Seventh Patient ‘Cured’ of HIV: Why This Breakthrough Excites Scientists
A 60-year-old man in Germany has become at least the seventh person with HIV to be declared free of the virus after receiving a stem-cell transplant. This man, who has been virus-free for nearly six years, is only the second person to achieve this without receiving stem cells resistant to the virus.
“I am quite surprised that it worked,” says Ravindra Gupta, a microbiologist at the University of Cambridge, UK, who led a team that treated another person now free of HIV. “It’s a big deal.”
The first person to be declared HIV-free after a bone-marrow transplant for blood cancer was Timothy Ray Brown, known as the Berlin patient. Brown and a few others received special donor stem cells carrying a mutation in the CCR5 gene, which encodes a receptor used by most HIV strains to enter immune cells. These cases suggested that CCR5 was the best target for an HIV cure.
The latest case, presented at the 25th International AIDS Conference in Munich, Germany, challenges this notion. The patient, referred to as the next Berlin patient, received stem cells from a donor with only one copy of the mutated gene, meaning their cells still express CCR5 but at lower levels than usual.
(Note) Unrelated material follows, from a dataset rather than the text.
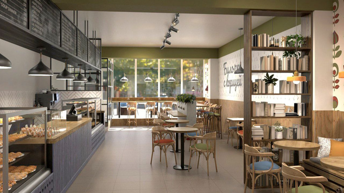 Помещение оформят в светлых тонах, с комфортными столиками, барной стойкой у окна и детским уголком. В ассортименте сети: свежая выпечка, сытные блюда, пироги, торты и сладкие десерты.

This case sends a clear message that finding a cure for HIV is “not all about CCR5,” says Sharon Lewin, an infectious-disease physician who heads The Peter Doherty Institute for Infection and Immunity in Melbourne, Australia.
Ultimately, the findings expand the donor pool for stem-cell transplants, a risky procedure typically offered to people with leukemia but unlikely to be widely used for most individuals with HIV. While roughly 1% of people of European descent carry mutations in both copies of the CCR5 gene, about 10% have one mutated copy.
The case “broadens the horizon of what might be possible” for treating HIV, says Sara Weibel, a physician-scientist studying HIV at the University of California, San Diego. Around 40 million people are living with HIV globally.
Six Years HIV-Free
The next Berlin patient was diagnosed with HIV in 2009 and developed acute myeloid leukemia, a type of blood and bone-marrow cancer, in 2015. His doctors couldn’t find a matching stem-cell donor with mutations in both copies of the CCR5 gene, but they found a female donor with one mutated copy. The patient received the stem-cell transplant in 2015.
“The cancer treatment went very well,” says Christian Gaebler, a physician-scientist and immunologist at Charité — Berlin University Medicine, who presented the work. Within a month, the patient’s bone-marrow stem cells were replaced with the donor’s. The patient stopped taking antiretroviral drugs, which suppress HIV, in 2018. Almost six years later, researchers can’t find evidence of HIV replicating in the patient.
Shrunken Reservoir
Previous attempts to transplant stem cells from donors with regular CCR5 genes have seen the virus reappear weeks to months after patients stopped taking antiretroviral therapy, except in one case. In 2023, Asier Sáez-Cirión, an HIV researcher at the Pasteur Institute in Paris, presented data on the Geneva patient, who has been without antiretroviral therapy for 18 months and remains virus-free about 32 months later.
Researchers are trying to understand why these two transplants succeeded where others failed. They propose several mechanisms: antiretroviral treatment significantly reduces the virus in the body, and chemotherapy before the transplant kills many of the host’s immune cells where residual HIV lurks. Transplanted donor cells might then mark leftover host cells as foreign and destroy them, along with any virus they contain. The rapid and complete replacement of the host’s bone-marrow stem cells with those of the donor might also contribute to the swift eradication. “If you can shrink the reservoir enough, you can cure people,” says Lewin.
The fact that both the next Berlin patient and his stem cell donor had one mutated CCR5 gene copy might have created an extra barrier to the virus entering cells, says Gaebler.
This case also has implications for therapies in early-stage clinical trials where the CCR5 receptor is sliced out of a person’s cells using CRISPR–Cas9 and other gene-editing techniques, says Lewin. Even if these therapies don’t reach every single cell, they could still make a significant impact.